Emotional Eating During the Holidays

Holiday expectations have a way of bringing things to the surface—mixed in with the joy and nostalgia can be unhealthy servings of overwhelm, exhaustion, and even pain.
For many, those emotions find their way to the table.

If you’ve ever reached for a cookie after a hard conversation, grazed your way through a party you didn’t want to be at, or found yourself standing in front of the fridge not even sure of what you are hoping to see in there, you’re not alone.

Emotional eating isn’t a failure of willpower.
It’s your body’s way of saying, ‘Something hurts, and I need comfort.’


Why We Reach for Food When We’re Hurting

Food is one of the first ways we learn to soothe ourselves.
Warm bottles, family dinners, and shared desserts all tell our nervous systems, you’re safe now.
So it’s no wonder that as adults, we still turn to food when safety feels far away—especially around the holidays.
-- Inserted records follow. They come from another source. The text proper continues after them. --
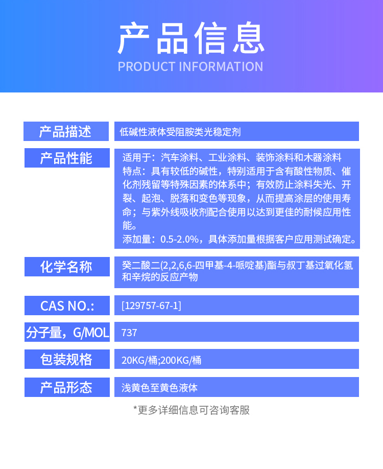 关键词:涂料光稳定剂;受阻胺类光稳定剂123;液体光稳定剂uv123;防变色抗UV剂;国产uv123
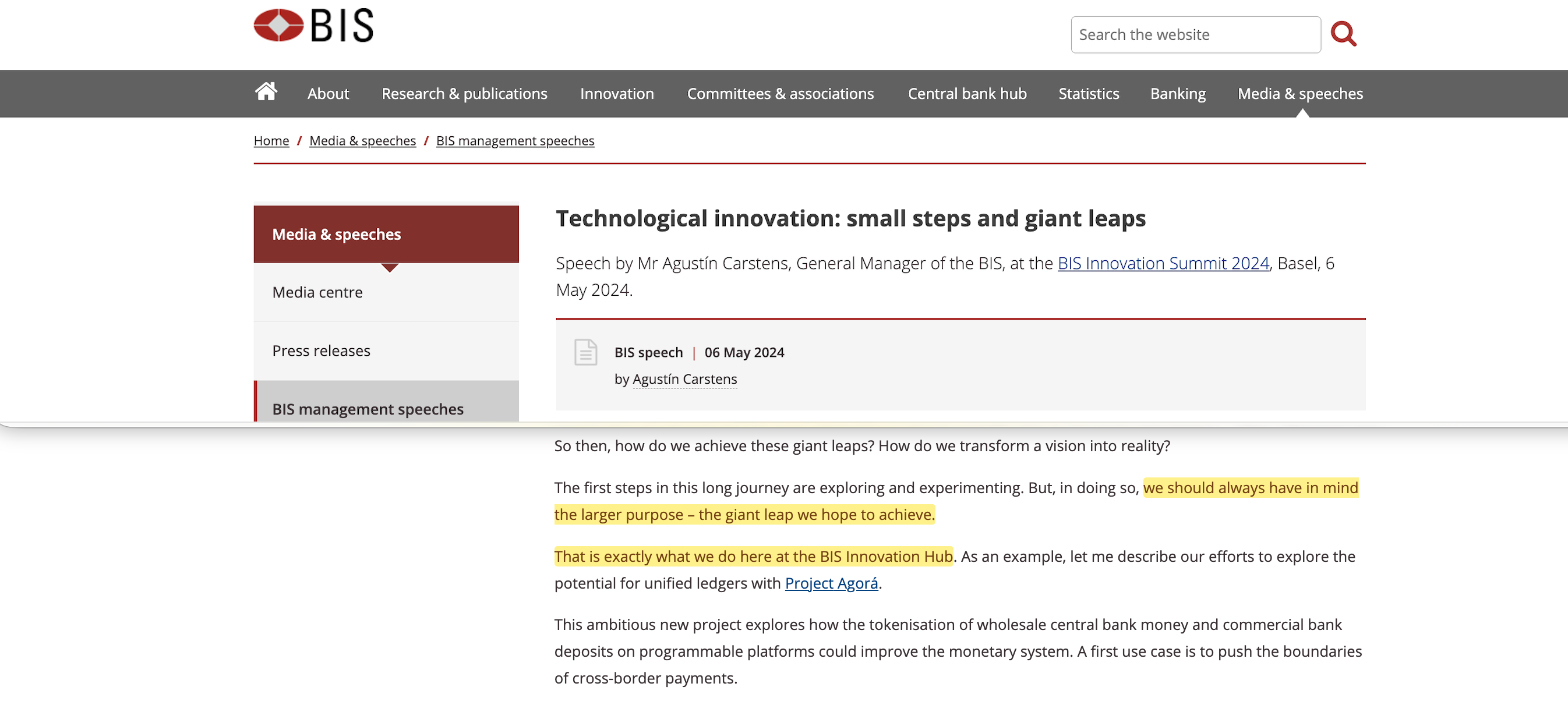 In May 2024, opening the BIS Innovation Summit in Basel, Carstens told the audience that individual experiments should ‘always have in mind the larger purpose — the giant leap we hope to achieve. That is exactly what we do here at the BIS Innovation Hub’2.
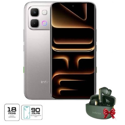 Écran: 6,78" pouces 3D Curved 1.5 AMOLED Display (1208 x 2644 pixels),120 Hz, Corning Gorilla Glass 7i Processeur: Mediatek Dimensity 7100 (6 nm)Octa-core (4x2,4 GHz Cortex-A78 et 4x2,0 GHz Cortex-A55) GPU Mali-G610 MC2 Système d'exploitation: Android 16, jusqu'à 3 mises à jour majeures d'Android, XOS 16 Mémoire RAM: 8Go extensible jusqu'à 16Go Capacité de stockage: 256Go Appareil photo Arrière: Dual 50 MP Caméra selfie : 13 MP, f/2.2, (grand angle), 1,12 µm Nombre de SIM: Double SIM Connectivités: 5G, Wifi et Bluetooth 5.4 Capacités de la batterie: 6500mAh Charge rapide filaire 45W Audio : Deux haut-parleurs avec son par JBL Capteurs : Capteur d'empreintes digitales (sous l'écran, optique), accéléromètre, gyroscope, capteur de proximité, boussole, fréquence cardiaque, SpO2, NFC Résistant à la poussière et aux éclaboussures: IP65 Écouteurs sans fil Infinix XE28 offerts Garantie 1 an + Garantie Écran 90 Jours
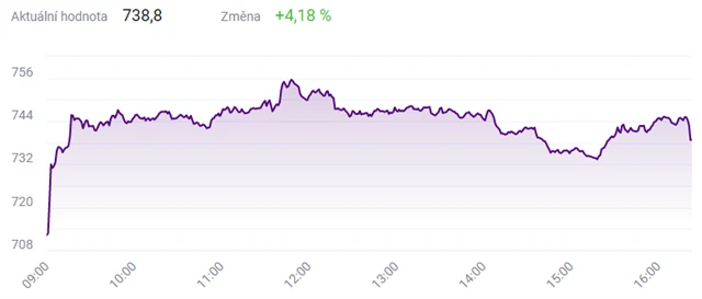 Odpoledne index PX část zisků odevzdal, stále byl ale výrazně v plusu, ve 14.40 rostl o 4,25 % na 739,32 bodu. Výrazně nad nulou byly odpoledne stále akcie Avastu (+7,61 %), ČEZ (+4,03 %) nebo Erste (+4,06 %).
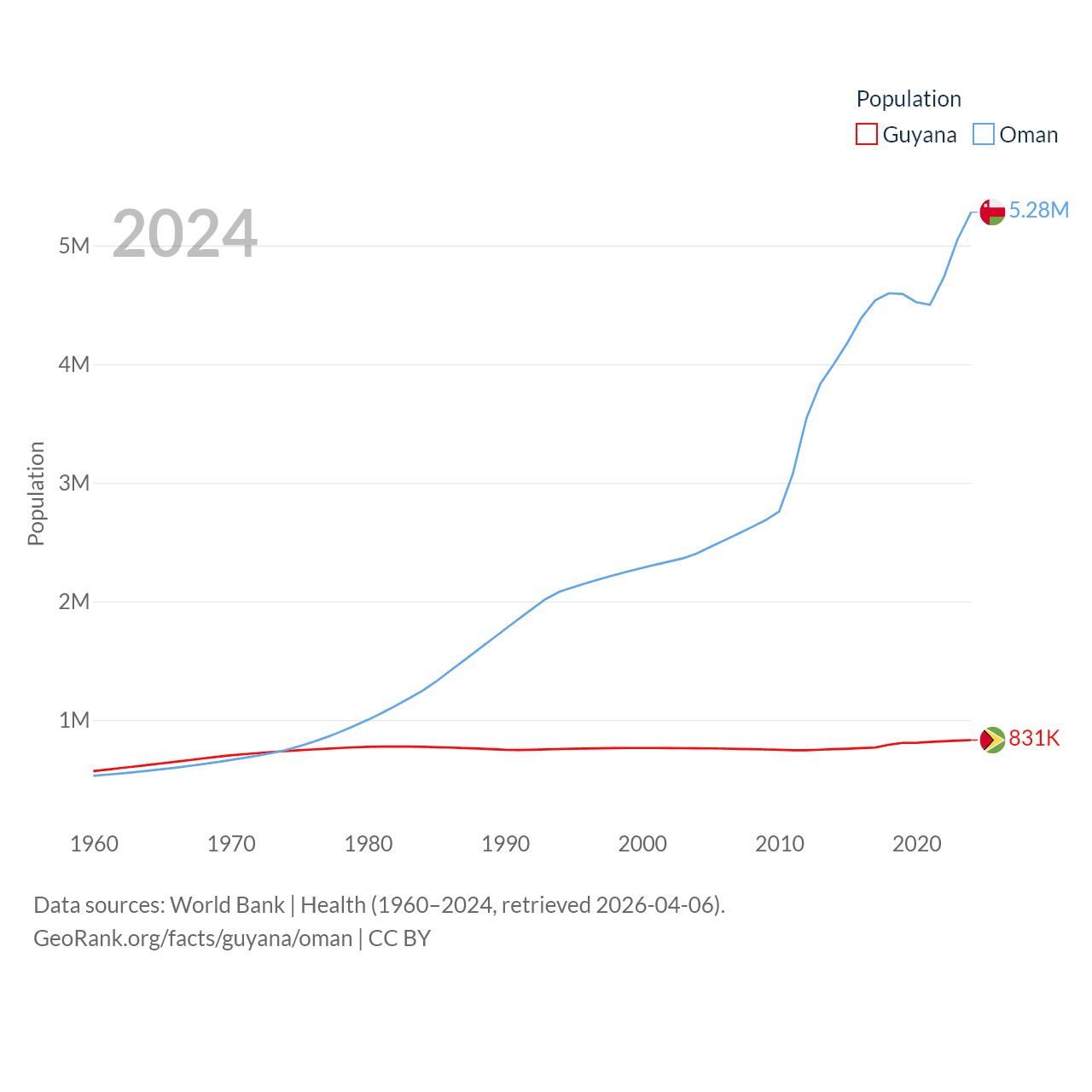 Guyana has a population of 831K (ranked 161/197), compared with 5.28M in Oman (ranked 124/197). Guyana's land area is 81,522 sq mi versus 119,499 sq mi for Oman (ranked 82nd vs. 68th).
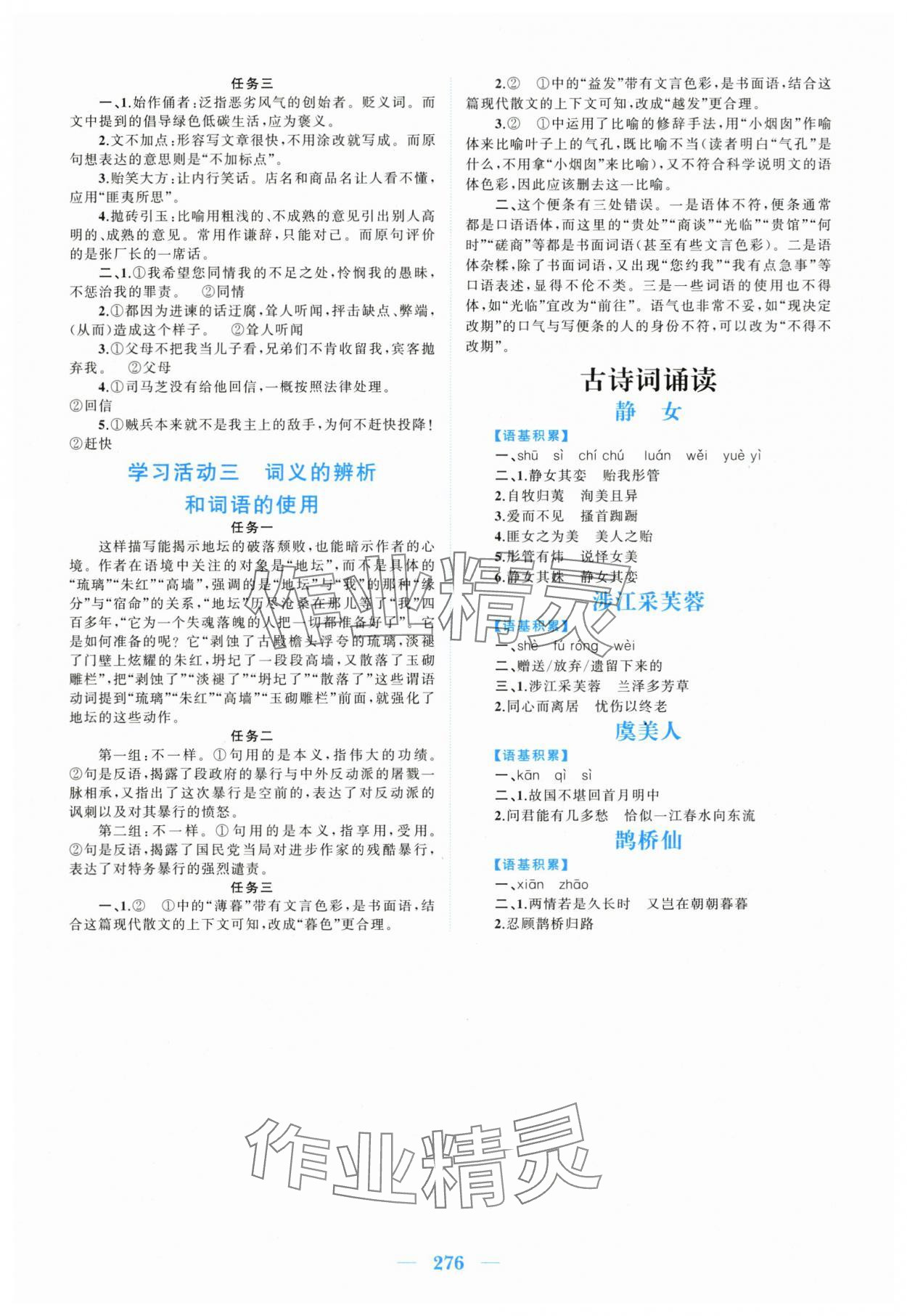 注:目前有些书本章节名称可能整理的还不是很完善,但都是按照顺序排列的,请同学们按照顺序仔细查找。练习册 2025年长江作业本同步练习册高中语文必修上册人教版 答案主要是用来给同学们做完题方便对答案用的,请勿直接抄袭。
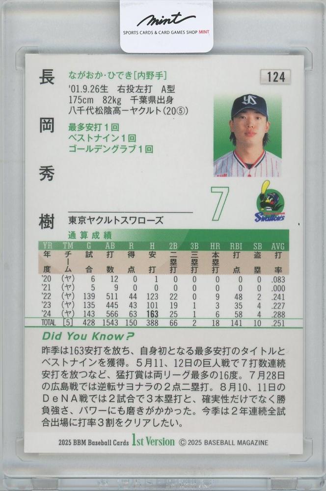 2025 BBM 1st Version #124 / 長岡秀樹(東京ヤクルトスワローズ) ウルトラシークレット版パラレルカード
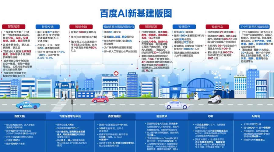 6月11日,百度發布AI新基建版圖,目標成為中國新基建AI服務大提供商。依托百度大腦、飛槳深度學習平臺、百度智能云、芯片、量脈、超級鏈等在內的新型AI基礎設施,百度在智慧城市、智能交通、智慧金融、智能客服與營銷、智慧能源、智慧醫療、智能汽車、工業互聯網和智能制造等八大L域推動產業智能化升級。
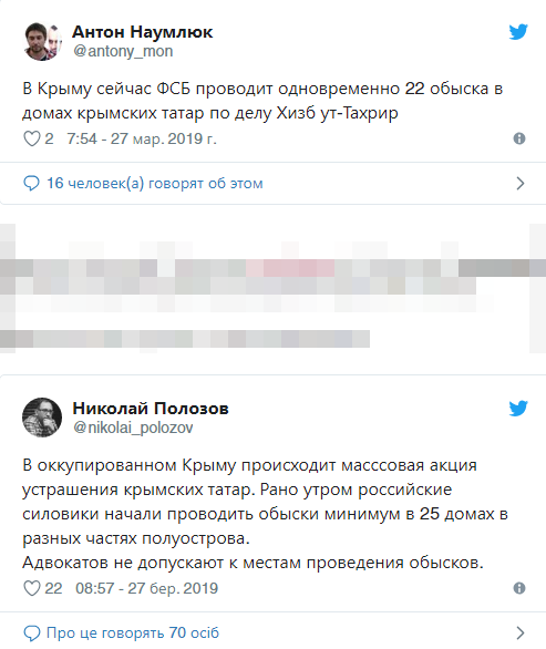 Утром, 27 марта, журналист Антон Наумлюк сообщил о 22 обысках в Симферополе и Белогорском районе. Позже адвокат Николай Полозов сообщил об обысках "минимум в 25 домах" и назвал это "масссовой акцией устрашения крымских татар". Отмечается, в ФСБ рассказали, что данные обыски начались из-за организации "Хизб ут-Тахрир аль-Ислами", которая признана террористической в РФ.

This season brings layered emotions:

  • Balancing the pressure to be happy or grateful with feelings of disappointment.
  • Old family patterns that resurface and traditions centered around food.
  • Grief for those who aren’t here.
  • The collision of joy and stress, together in one small space.

When those feelings pile up, eating can offer momentary relief—something tangible, predictable, even grounding.
The problem isn’t that we do it; it’s that it rarely meets the need underneath.


What Emotional Eating Is Trying to Tell You

Emotional eating isn’t random—it’s communication.
Behind it is often a simple truth like:

  • I need rest.
  • I need comfort.
  • I need to feel connected.
  • I don’t know how to say no.

When you notice yourself reaching for food for reasons that aren’t hunger, pause—not to shame yourself, but to get curious.
What is this feeling asking for?
What does my body need right now, besides food?

That moment of compassion—not control—is where healing begins.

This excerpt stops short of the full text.